Before setting up any business, one faces uncertainties on various issues. That uncertainty causes stress and ambiguity in all aspects and more so when estimating the possible start-up costs of a business. To calculate the start-up costs in a company, one has to identify the start-up expenses depending on the type of business (SBA, n.d.). The most common start-up expenses include working space, facilities, utilities, licenses, advertising, research costs, inventory, remunerations, transportation, insurance, and website development. The discipline of entrepreneurship has evolved over the years (Kuratko, 2019). Studying the fundamental theories can help new entrepreneurs understand the process and practice of running a business.
To start up a hair industry manufacturing wigs, one needs a start-up cost amounting to around $33,000. I calculated this figure by adding the monthly and one-time expenses. The expenses include but are not limited to equipment for manufacturing the wigs and packing them, office supplies, rent, legal costs, permit and licenses, website, utilities, employee wages, inventory, transport, training, and advertising costs. Some expenses like permits and licenses are published, but the rest are estimations from other similar vendors.
To start up a business selling facial products with a machine for facial recognition, one needs around $15,000. When starting such a business, the essential expenses are utility bills, machine costs, product development, and advertising and marketing costs. Other fees include software, office space, inventory, website, and legal expenses. Today’s most common social media marketing tools are blogs, Facebook, Instagram, Twitter, YouTube, and LinkedIn (Kuratko, 2019). Social media marketing is affordable since one only needs to create something that causes attention and encourages an active dialogue between the business and its customers.

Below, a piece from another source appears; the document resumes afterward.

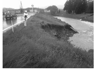
▲上砥山地先金勝川堤防

市では、直ちに災害対策本部を立ち上げ、被災状況の把握に努め、被災個所の緊急対応にあたっています。引き続き、1日も早い復旧・復興を目指して取り組みを進めるとともに、被災された方の支援に全力で取り組んでまいります。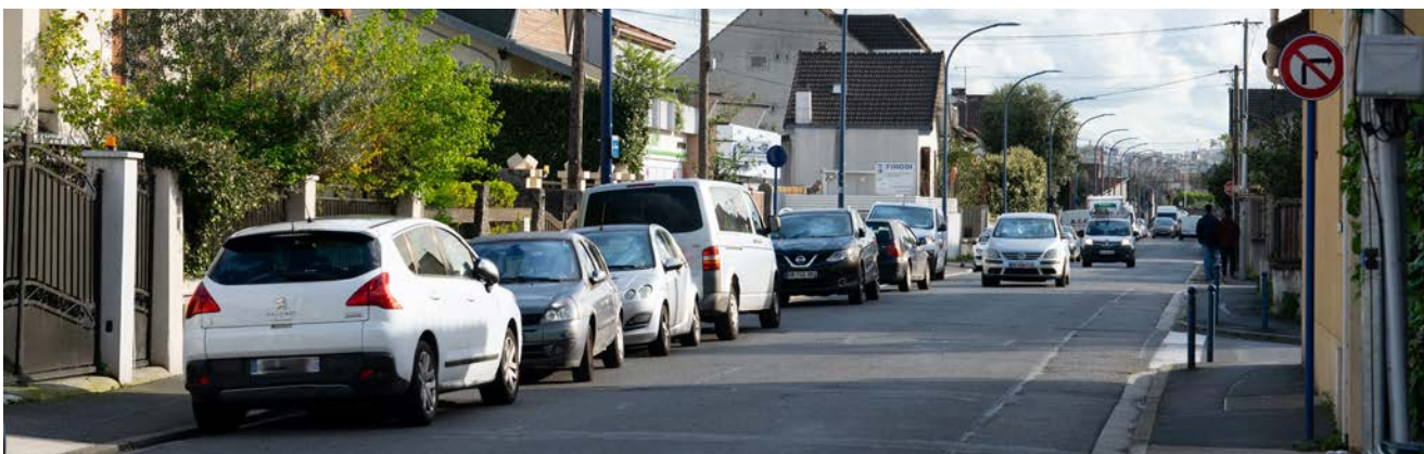
Les travaux commencent le 8 avril dans la rue de Faidherbe qui gagnera 20 places. Deux plateaux surélevés seront installés dans cette rue très empruntée pour accéder à l'A86 et là où les dépassements de vitesse étaient trop fréquents.

Alors que l'équipement automobile des Drancéens est toujours plus important, la ville met tout en œuvre pour créer de nouvelles places et faciliter le stationnement. Zoom sur cette politique innovante.

Starting up a coffee industry would require a start-up capital of around $60,000. Start-up capital is the amount of the total costs associated with starting a business. It may include the equipment needed, legal fees, utility bills, inventory, advertisement and marketing, website, employee remunerations, and licenses costs. All those costs are an estimation from online sources and similar service providers. To get a complete financial picture of the start-up costs, one must calculate the one-time and monthly expenses for one year. However, the ideal period to estimate that cost would be five years (SBA, n.d.). One-time expenses can be permit and license fees and purchase of major equipment. Monthly expenses include rent, wages, advertising, marketing, and other utility bills.
There are several sources of funding for a start-up business. They play an essential role in boosting the new venture’s capital. Compared to well-established companies, a start-up business can be challenging to obtain finances. Potential investors have to investigate the quality of a start-up business before making any investment (Waleczek et al., 2018). Business financing comprises internal and external equity. Internal business funding sources are mainly personal savings, the most common sources for most start-up businesses. If one does not have enough funding, they look for additional capital through other techniques such as bootstrapping (Waleczek et al., 2018). Bootstrapping is easy, convenient, and has lower risks than external sources of funding. External sources of finance are bank loans, hire purchases, partnerships, trade credit, and stock, among others.
The ideal sources of financing for the hair industry and facial products businesses are external sources such as bank loans. The businesses require large purchases of equipment and product development. The coffee industry should use internal sources due to the lower costs and risks. With extensive online marketing, the hair and facial products business can quickly develop its brand and make profits to refund bank loans. On the other hand, the coffee industry may take time to grow. Also, the coffee industry has more monthly expenses, thus making internal sources the ideal way of financing it.